> Requirement:
In the entries that follow, find the line containing "5、活动非凡时装投票也能够拿到6枚心愿币,只需要投票即可。" and the line containing "If you’re trying", then copy exactly everything from the first through the second except the pictures.

> Source information:

--- START ---

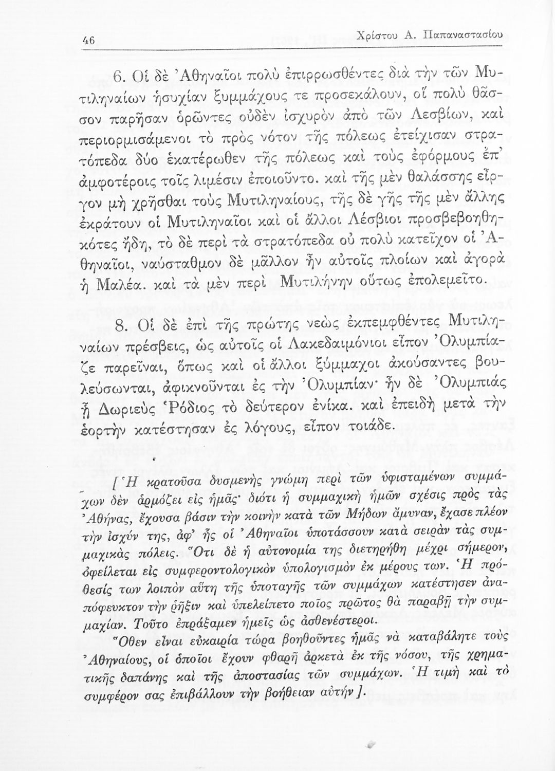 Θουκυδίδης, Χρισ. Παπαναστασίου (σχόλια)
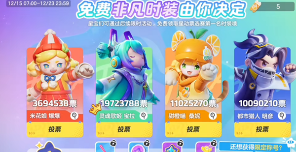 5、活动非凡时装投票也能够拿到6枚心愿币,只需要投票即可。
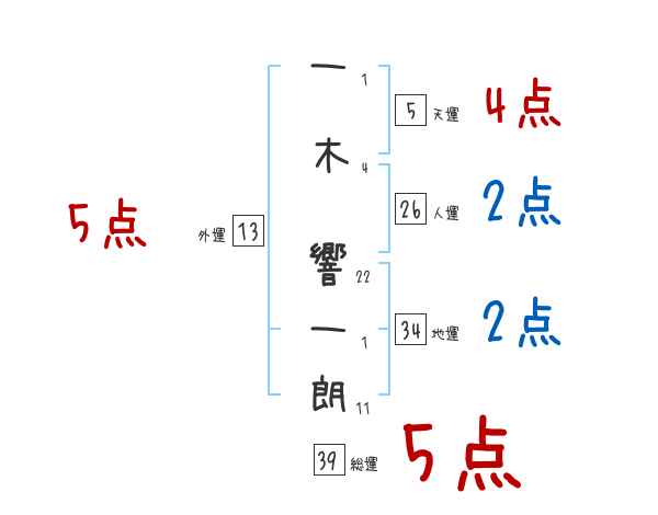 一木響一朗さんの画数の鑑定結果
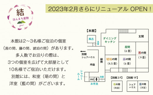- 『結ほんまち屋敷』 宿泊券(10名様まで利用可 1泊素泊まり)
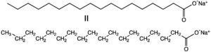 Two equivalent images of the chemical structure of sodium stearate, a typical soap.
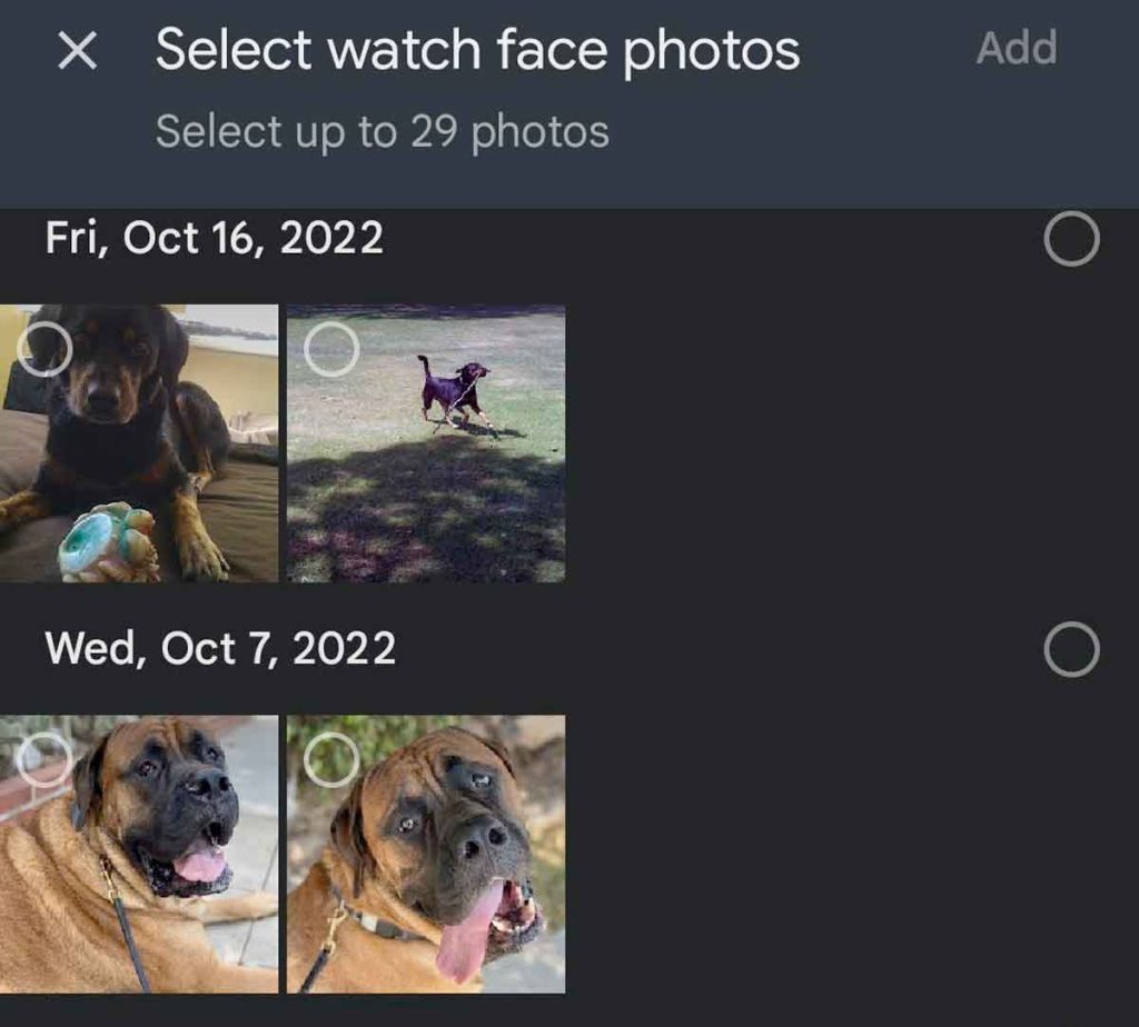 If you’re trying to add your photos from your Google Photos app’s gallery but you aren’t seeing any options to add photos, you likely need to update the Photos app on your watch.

--- END ---
--- START ---

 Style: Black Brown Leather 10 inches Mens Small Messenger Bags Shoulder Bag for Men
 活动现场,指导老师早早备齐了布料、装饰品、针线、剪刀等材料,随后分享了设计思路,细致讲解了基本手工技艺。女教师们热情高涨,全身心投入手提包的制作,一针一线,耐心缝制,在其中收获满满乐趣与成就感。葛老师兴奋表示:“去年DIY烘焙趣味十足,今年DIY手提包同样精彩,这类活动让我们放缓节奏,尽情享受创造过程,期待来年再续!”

--- END ---

> Answer section:
 5、活动非凡时装投票也能够拿到6枚心愿币,只需要投票即可。
 一木響一朗さんの画数の鑑定結果
- 『結ほんまち屋敷』 宿泊券(10名様まで利用可 1泊素泊まり)
 Two equivalent images of the chemical structure of sodium stearate, a typical soap.
 If you’re trying to add your photos from your Google Photos app’s gallery but you aren’t seeing any options to add photos, you likely need to update the Photos app on your watch.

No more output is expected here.